What are the key security findings for Academic Agent Based On Local Rag?
Academic Agent Based On Local Rag's strongest signal is compliance at 92/100. No known vulnerabilities have been detected.
What is Academic Agent Based On Local Rag and who maintains it?
| Author | cjyyyyyj-ui |
| Category | Research |
| Stars | 1 |
| Source | https://github.com/cjyyyyyj-ui/Academic-Agent-Based-on-Local-RAG |
| Frameworks | langchain · openai · huggingface |
| Protocols | rest |
Regulatory Compliance
| EU AI Act Risk Class | MINIMAL |
| Compliance Score | 92/100 |
| Jurisdictions | Assessed across 52 jurisdictions |
Popular Alternatives in research
What Is Academic Agent Based On Local Rag?
Academic Agent Based On Local Rag is a software tool in the research category: An academic intelligent agent for paper analysis, comparison and retrieval using local RAG.. It has 1 GitHub stars. Nerq Trust Score: 54/100 (D).
Nerq independently analyzes every software tool, app, and extension across multiple trust signals including security vulnerabilities, maintenance activity, license compliance, and community adoption.
How Nerq Assesses Academic Agent Based On Local Rag's Safety
Nerq's Trust Score is calculated from 13+ independent signals aggregated into five dimensions. Here is how Academic Agent Based On Local Rag performs in each:
- Security (0/100): Academic Agent Based On Local Rag's security posture is poor. This score factors in known CVEs, dependency vulnerabilities, security policy presence, and code signing practices.
- Maintenance (1/100): Academic Agent Based On Local Rag is potentially abandoned. We track commit frequency, release cadence, issue response times, and PR merge rates.
- Documentation (1/100): Documentation quality is insufficient. This includes README completeness, API documentation, usage examples, and contribution guidelines.
- Compliance (92/100): Academic Agent Based On Local Rag is broadly compliant. Assessed against regulations in 52 jurisdictions including the EU AI Act, CCPA, and GDPR.
- Community (0/100): Community adoption is limited. Based on GitHub stars, forks, download counts, and ecosystem integrations.

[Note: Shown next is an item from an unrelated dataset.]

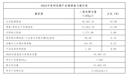 報告中重點闡述了其成員企業貴州安酒在醬酒生態釀造與綠色發展中的實踐。作為植根于赤水河醬酒核心產區的貴州兩大歷史名酒、貴州省首批“生態釀酒企業”、貴州省“綠色工廠”,貴州安酒堅持與自然環境和諧共生的信念,將“感恩自然,低碳循環,清潔生產,綠色發展”作為生態環保核心理念,堅持綠色生產,恪守5個100%,全方位落實能源計量管理,開展溫室氣體排放與碳足跡核算,并主動融入貴州“國家生態文明試驗區”建設發展大局,積極推進百億赤水酒谷建設。數據顯示,2022年,貴州安酒固體廢棄物排放量37,293.08噸,廢窖泥、廢曲草、廢酒糟已經實現100%生態化資源化利用。污水處理、沼氣處理變廢為寶,實現年發電量超120萬度。

The overall Trust Score of 54.0/100 (D) is the weighted combination of these measured signals. It is a measurement, not a pass/fail or suitability judgment — weigh the individual signals against your own requirements.
Who Typically Evaluates Academic Agent Based On Local Rag?
Academic Agent Based On Local Rag is commonly evaluated by:
- Developers and teams working with research tools
- Organizations evaluating AI tools for their stack
- Researchers exploring AI capabilities in this domain
How to read the signals: Academic Agent Based On Local Rag's measured signals (security 0/100, maintenance 1/100, documentation 1/100, community 0/100) are shown above. These are measurements, not a suitability judgment — weigh each signal against the requirements of your own use case and risk tolerance.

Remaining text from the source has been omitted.